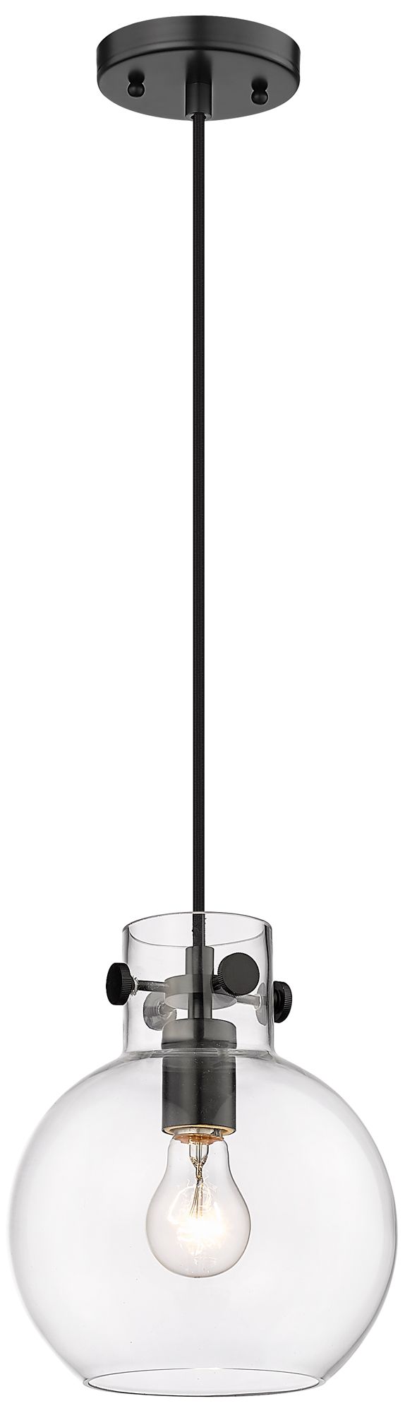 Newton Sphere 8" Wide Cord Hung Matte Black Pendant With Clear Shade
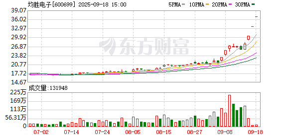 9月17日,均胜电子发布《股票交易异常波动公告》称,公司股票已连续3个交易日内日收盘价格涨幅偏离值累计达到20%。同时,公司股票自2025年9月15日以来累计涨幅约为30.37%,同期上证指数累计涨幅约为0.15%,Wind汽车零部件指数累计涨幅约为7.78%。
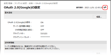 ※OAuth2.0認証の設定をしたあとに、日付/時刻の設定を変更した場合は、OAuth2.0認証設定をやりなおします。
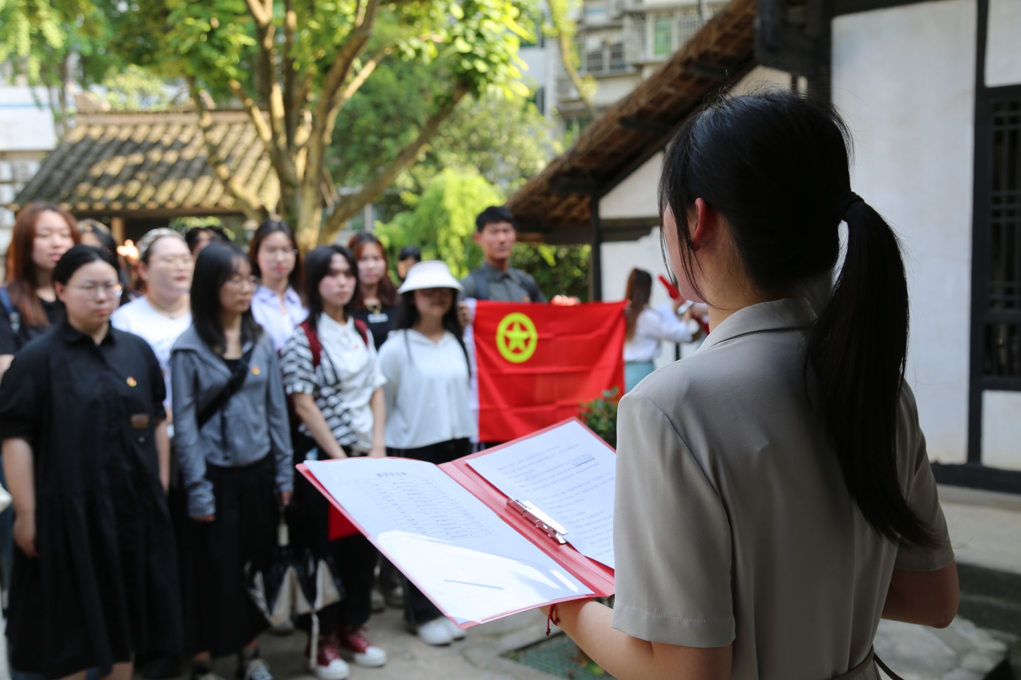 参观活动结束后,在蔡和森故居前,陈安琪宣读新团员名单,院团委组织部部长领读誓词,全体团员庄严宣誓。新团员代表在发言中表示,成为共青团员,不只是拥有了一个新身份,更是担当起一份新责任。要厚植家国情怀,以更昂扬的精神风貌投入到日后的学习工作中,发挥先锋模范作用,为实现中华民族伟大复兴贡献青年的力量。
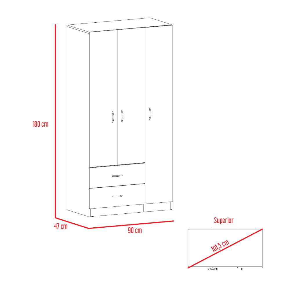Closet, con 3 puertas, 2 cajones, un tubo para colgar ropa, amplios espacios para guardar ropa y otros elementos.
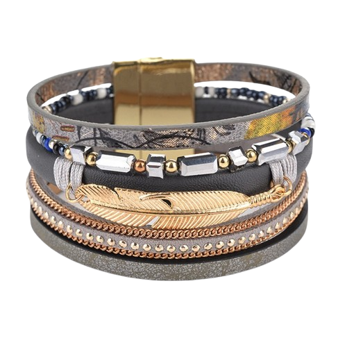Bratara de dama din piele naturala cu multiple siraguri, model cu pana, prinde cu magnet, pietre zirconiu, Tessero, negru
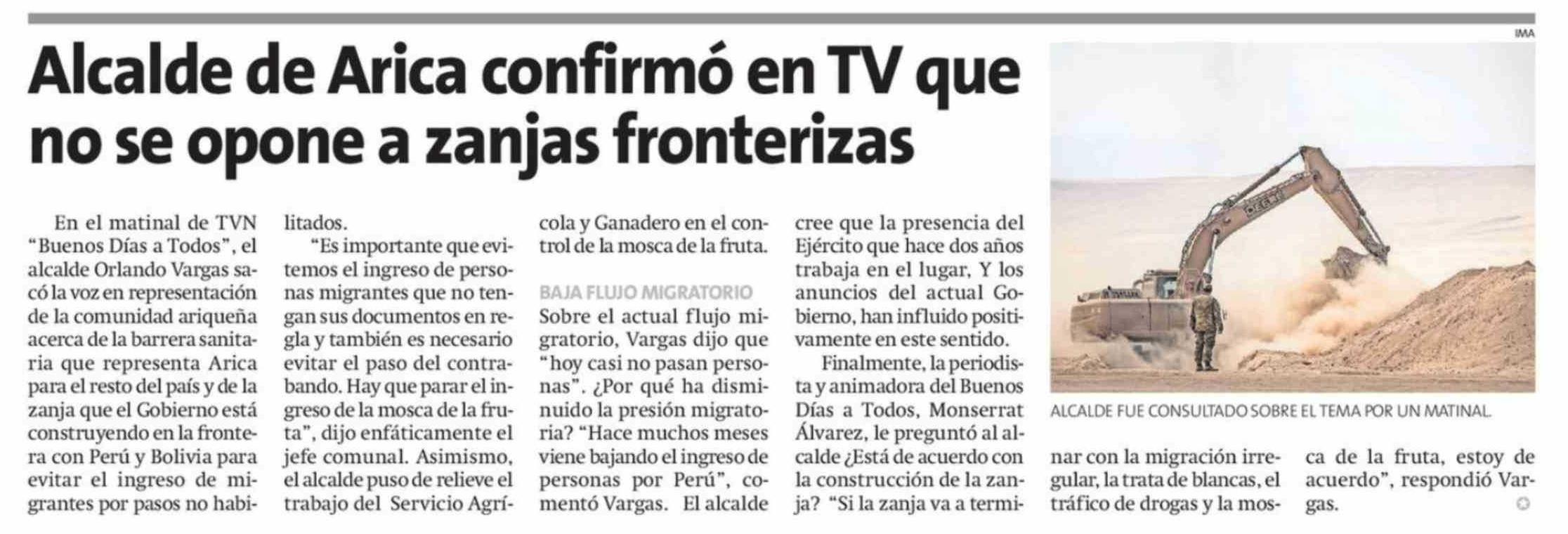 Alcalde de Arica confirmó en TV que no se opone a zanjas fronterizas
++++++++
Required work: Repeat everything in the entries above word for word, excluding the images.

Response:
 Newton Sphere 8" Wide Cord Hung Matte Black Pendant With Clear Shade
 9月17日,均胜电子发布《股票交易异常波动公告》称,公司股票已连续3个交易日内日收盘价格涨幅偏离值累计达到20%。同时,公司股票自2025年9月15日以来累计涨幅约为30.37%,同期上证指数累计涨幅约为0.15%,Wind汽车零部件指数累计涨幅约为7.78%。
 ※OAuth2.0認証の設定をしたあとに、日付/時刻の設定を変更した場合は、OAuth2.0認証設定をやりなおします。
 参观活动结束后,在蔡和森故居前,陈安琪宣读新团员名单,院团委组织部部长领读誓词,全体团员庄严宣誓。新团员代表在发言中表示,成为共青团员,不只是拥有了一个新身份,更是担当起一份新责任。要厚植家国情怀,以更昂扬的精神风貌投入到日后的学习工作中,发挥先锋模范作用,为实现中华民族伟大复兴贡献青年的力量。
Closet, con 3 puertas, 2 cajones, un tubo para colgar ropa, amplios espacios para guardar ropa y otros elementos.
Bratara de dama din piele naturala cu multiple siraguri, model cu pana, prinde cu magnet, pietre zirconiu, Tessero, negru
 Alcalde de Arica confirmó en TV que no se opone a zanjas fronterizas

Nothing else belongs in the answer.